Legal Drafting Bahasa Inggris untuk Ekspansi Bisnis

Gedung perkantoran ilustrasi ekspansi bisnis legal drafting bahasa inggris

Banyak pengusaha lokal terlalu fokus mengejar peluang pasar baru sampai lupa bahwa legal drafting bahasa inggris adalah fondasi yang menentukan apakah ekspansi bisnis mereka aman secara hukum atau justru jadi bom waktu.

Kontrak, pada dasarnya, bukan sekadar dokumen formalitas. Berdasarkan Pasal 1338 KUHPerdata, kontrak berfungsi sebagai undang-undang bagi para pihak yang membuatnya. Fungsinya mempertemukan perbedaan kepentingan lewat proses tawar-menawar dalam negosiasi.

Di era globalisasi dengan skema kerja sama seperti WTO dan APEC, bahasa Inggris jadi bahasa pengantar hukum internasional yang sulit dihindari. Tapi ini bukan berarti versi Bahasa Indonesia boleh diabaikan begitu saja.

 

Apakah Kontrak Ekspansi Bisnis Wajib Punya Versi Bahasa Indonesia?

Wajib, kalau salah satu pihak dalam kontrak adalah warga negara atau badan hukum Indonesia. Ketentuan ini diatur dalam UU No. 24 Tahun 2009 tentang Bendera, Bahasa, dan Lambang Negara.

Jadi meski kontrak disusun dengan legal drafting bahasa inggris yang matang, perancang kontrak tetap perlu menyiapkan padanan resmi berbahasa Indonesia. Ini penting bukan cuma soal kepatuhan regulasi, tapi juga soal kejelasan bagi pihak lokal yang terlibat dalam kontrak.

 

Apa Saja Tahapan Sebelum Menyusun Kontrak Ekspansi yang Mengikat?

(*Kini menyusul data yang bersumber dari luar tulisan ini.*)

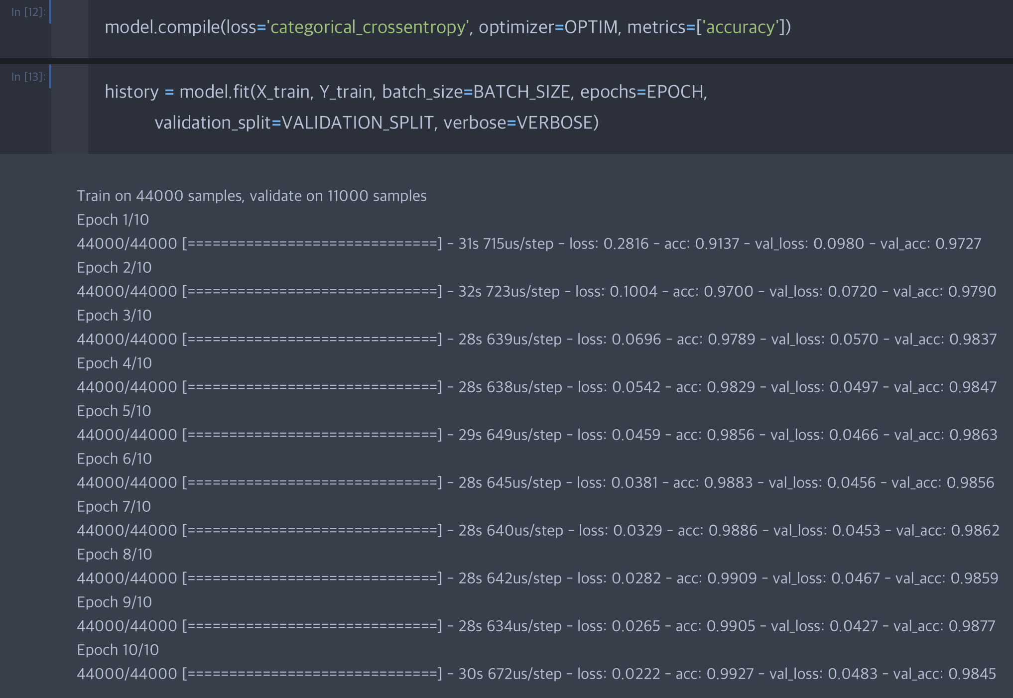 - VALIDATION_SPLIT : 학습시 데이터를 일부 나눠서 Validation으로 사용할 비율을 의미합니다.

Sebelum masuk ke kontrak formal yang mengikat penuh, ada fase pra-kontrak lewat Memorandum of Understanding atau MoU untuk menyatakan niat bersama dari kedua pihak.

Langkah menyusun MoU yang efektif biasanya mencakup:

  • Identifikasi pihak secara jelas, mulai dari nama, jabatan, sampai alamat.
  • Definisi tujuan utama dan ruang lingkup kerja sama.
  • Rincian tanggung jawab dan kewajiban masing-masing pihak.
  • Penentuan durasi berlakunya MoU dan ketentuan pengakhirannya.
  • Penandatanganan sebagai bentuk validasi kesepakatan awal.

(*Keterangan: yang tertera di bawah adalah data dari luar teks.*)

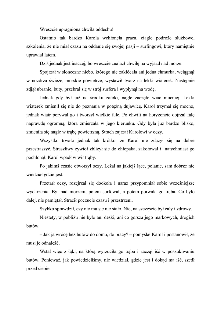 Wreszcie upragniona chwila oddechu! Ostatnio tak bardzo Karola wchłonęła praca, ciągłe podróże służbowe, szkolenia, że nie miał czasu na oddanie się swojej pasji – surfingowi, który namiętnie uprawiał latem. Dziś jednak jest inaczej, bo wreszcie znalazł chwilę na wyjazd nad morze. Spojrzał w słoneczne niebo, którego nie zakłócała ani jedna chmurka, wciągnął w nozdrza świeże, morskie powietrze, wystawił twarz na lekki wiaterek. Następnie zdjął ubranie, buty, przebrał się w strój surfera i wypłynął na wodę. Jednak gdy był już na środku zatoki, nagle zaczęło wiać mocniej. Lekki wiaterek zmienił się nie do poznania w potężną dujawicę. Karol trzymał się mocno, jednak wiatr porywał go i tworzył wielkie fale. Po chwili na horyzoncie dojrzał falę naprawdę ogromną, która zmierzała w jego kierunku. Gdy była już bardzo blisko, zmieniła się nagle w trąbę powietrzną. Strach zajrzał Karolowi w oczy. Wszystko trwało jednak tak krótko, że Karol nie zdążył się na dobre przestraszyć. Straszliwy żywioł zbliżył się do chłopaka, zakołował i natychmiast go pochłonął. Karol wpadł w wir trąby. Po jakimś czasie otworzył oczy. Leżał na jakiejś łące, polanie, sam dobrze nie wiedział gdzie jest. Przetarł oczy, rozejrzał się dookoła i naraz przypomniał sobie wcześniejsze wydarzenia. Był nad morzem, potem surfował, a potem porwała go trąba. Co było dalej, nie pamiętał. Stracił poczucie czasu i przestrzeni. Szybko sprawdził, czy nic mu się nie stało. Nie, na szczęście był cały i zdrowy. Niestety, w pobliżu nie było ani deski, ani co gorsza jego markowych, drogich butów. – Jak ja wrócę bez butów do domu, do pracy? – pomyślał Karol i postanowił, że musi je odnaleźć. Wstał więc z łąki, na którą wyrzuciła go trąba i zaczął iść w poszukiwaniu butów. Ponieważ, jak powiedzieliśmy, nie wiedział, gdzie jest i dokąd ma iść, szedł przed siebie. Szedł tak i szedł z parę godzin. Mijał wioski, miasta, rzeki, jeziora. Naraz krajobraz zaczął się zmieniać. Z płaskich nizin robiły się pagórki, a następnie góry. Nagle przystanął przed jedną z nich i pomyślał, że chyba już tu kiedyś był. Ale nie mógł sobie niczego przypomnieć, więc postanowił się wspiąć na sam szczyt. Kiedy już był na wierzchołku góry, powiedział na głos do samego siebie: – Całkiem podobna do Czantorii... Rzeczywiście góry przypominały te z Beskidu Śląskiego. Nagle nie wiadomo skąd, bo nikogo koło niego przecież nie było, usłyszał głosy ostrzeżenia. „Uważaj, powoli, trzymaj się za rękę mamusi” i tym podobne. Ale, też nie wiadomo dlaczego, postanowił sobie „pobiegać” i wbrew przestrogom, które go zewsząd dopadały, pędem rzucił się w dół zbocza. Rozpędził się, ale nie mógł się zatrzymać. Przewrócił się, zaczął koziołkować. W końcu poobracał się tak z kilka razy i zatrzymał się w jeżynach. Po chwili zjawił się przy nim tata i postawił go wolno na nogi. Żyje, połamał się? Nie, miał tylko klika otarć. Tak jak wtedy, gdy miał sześć lat... Rozejrzał się dookoła. Nigdzie nie było taty, ani przerażonej mamy, ani siostry. Nie słyszał też żadnych głosów. Pomyślał, że mu się jednak wszystko wydawało. Karol był na siebie trochę zły, że zachowuje się jak dziecko, a nie jak na poważnego pracownika Poważnej Firmy przystało. – Co ja najlepszego wyrabiam? Przecież międzynarodowymi projektami się zajmuję!!! – karcił sam siebie. Z drugiej jednak – czuł jakąś niesamowitą frajdę z tego biegania, koziołkowania i poobijanych boków. Jakby się cofnął w czasie...

MoU memang belum sepenuhnya mengikat secara hukum seketat kontrak formal, tapi dokumen ini jadi peta jalan yang mengurangi risiko salah paham saat kontrak final disusun nanti.

 

Bagaimana Struktur Anatomi Kontrak Bisnis Internasional yang Benar?

Struktur anatomi kontrak bisnis internasional yang matang terbagi jadi tiga bagian besar: pendahuluan, isi, dan penutup.

Bagian pendahuluan biasanya memuat:

  • Judul kontrak yang jelas, padat, dan singkat.
  • Pembukaan dan penanggalan sebagai bukti hukum kapan kontrak mulai berlaku.
  • Identitas para pihak lengkap dengan kedudukan hukum masing-masing.
  • Premis atau latar belakang yang menjelaskan alasan kesepakatan dibuat.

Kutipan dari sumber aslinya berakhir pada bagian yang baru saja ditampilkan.